In April, the White Army contacted the Provisional Priamurye Government in Vladivostok, asking for help. On 27 April, the Russian Bolshevik government declared the Yakut ASSR and sent an expedition to put down the uprising. In summer 1922, the Whites were ousted from Yakutsk and withdrew to the Pacific coast. They occupied the port towns of Okhotsk and Ayan and again asked Vladivostok for reinforcements.

On 30 August, the Pacific Ocean Fleet, crewed by about 750 volunteers under Lieutenant General Anatoly Pepelyayev, sailed from Vladivostok to assist the White Russian forces. Three days later, this force disembarked in Ayan and moved upon Yakutsk. By the end of October, when Pepelyayev captured the locality of Nelkan, he learned that the Bolsheviks had wrested Vladivostok from the White Army and the Civil War was over.

When the Soviet Union was formed on 30 December 1922, the only Russian territory still controlled by the White Movement was the region of the Pepelyayevshchina ("пепеляевщина"), so-called in the Soviet historiography, that is, Ayan, Okhotsk and Nelkan. A unit of Bolshevik forces under Ivan Strod was sent against Pepelyayev in February 1923. On 12 February, they defeated Pepelyayev's forces near Sasyl-Sasyg; in March, the White Army retreated from Amga.

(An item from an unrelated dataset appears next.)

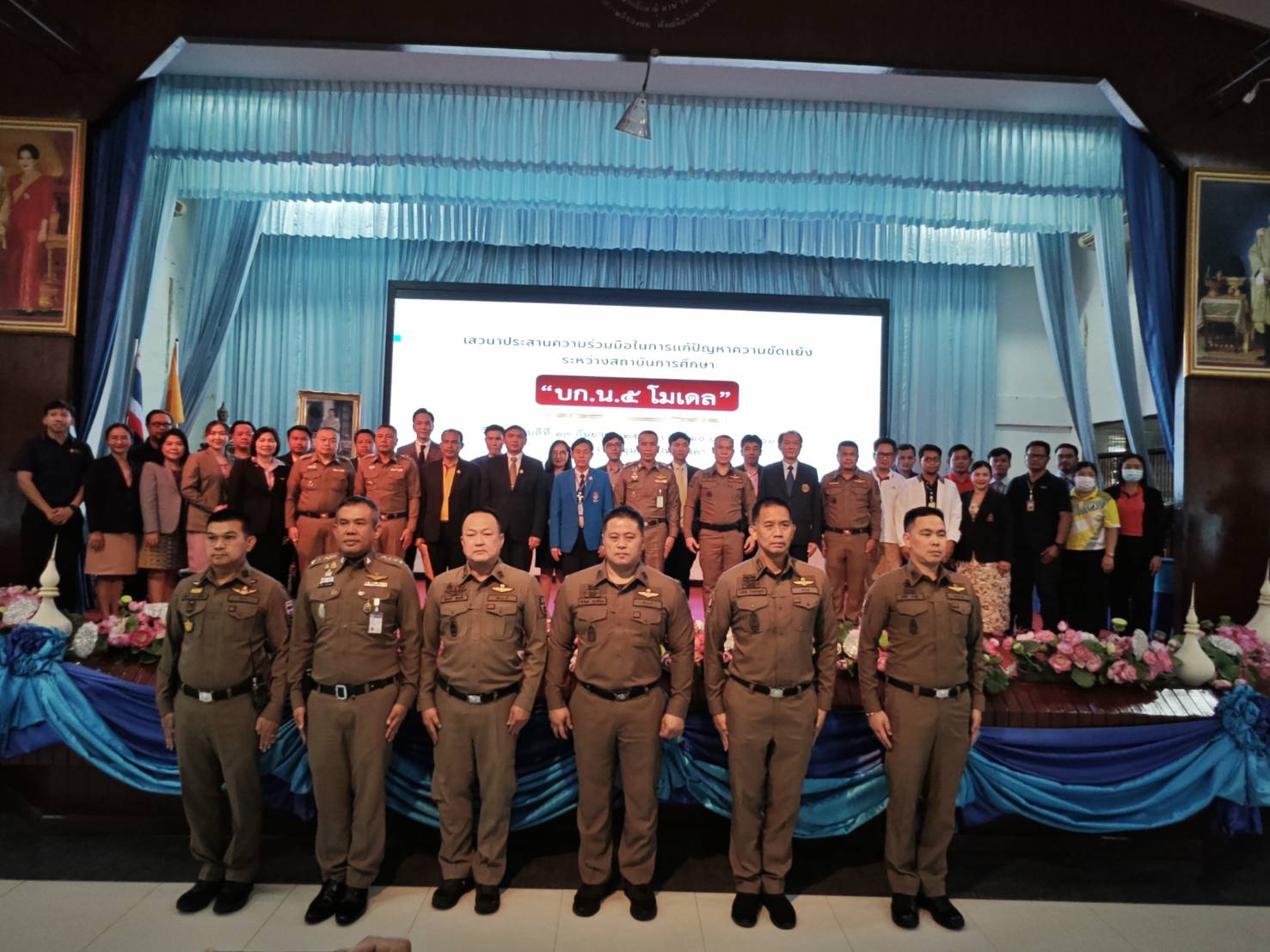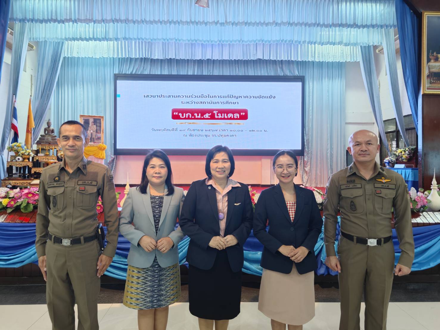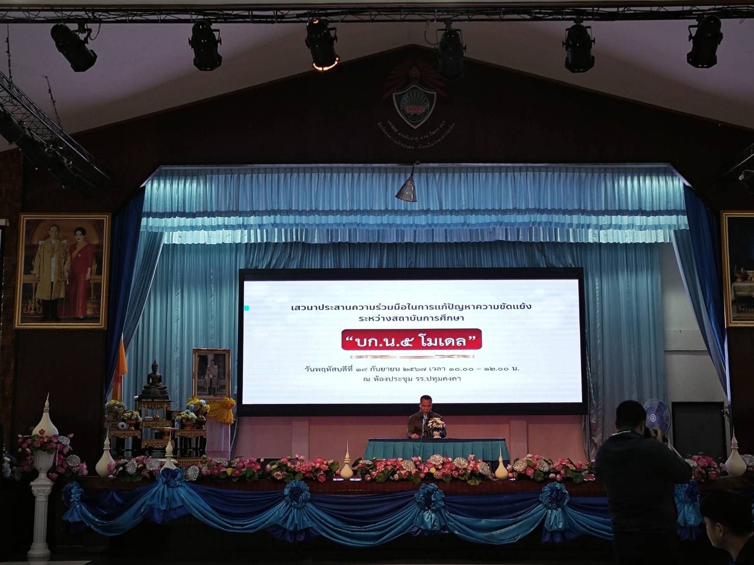 วันพฤหัสบดีที่ 19 กันยายน 2567 นางณัฐพัชร์ ศิริเสถียร ผู้อำนวยการโรงเรียนนนทรีวิทยา พร้อมด้วย นางสาวนันท์นภัส จำปารัตน์ รองผู้อำนวยการกลุ่มบริหารงานบุคคล (กลุ่มกิจการนักเรียน) และ นางสาวเนรัญชลา ธิติพงษ์ หัวหน้างานระบบการดูแลช่วยเหลือนักเรียน เข้าร่วมการเสวนาประสานความร่วมมือ ในการแก้ปัญหาความขัดแย้งระหว่างสถาบันการศึกษา ตามแนวทาง “บก.น. 5 โมเดล” จัดโดย กองบัญชาการตำรวจนครบาล ณ หอประชุมโรงเรียนปทุมคงคา เพื่อหาแนวทางในการแก้ปัญหาความขัดแย้งระหว่างสถาบันการศึกษาร่วมกัน ทั้งในสถาบันการศึกษาระดับมัธยมศึกษา และสถาบันการศึกษาระดับอาชีวศึกษา

On 24 April 1923, the ships Stavropol and Indigirka sailed from Vladivostok for Ayan. They contained a contingent of the Red Army under Stepan Vostretsov. Upon his arrival in Ayan on 6 April, Vostretsov learned that Pepelyayev had evacuated to Nelkan. The remainder of the White Army were defeated near Okhotsk on 6 June and near Ayan on 16 June. 103 White officers and 230 soldiers were taken prisoner and transported to Vladivostok. Pepelyayev himself was captured after the battle of Ayan, and he would spend the next 13 years in the gulag camps before being executed during the Stalinist purges in 1938.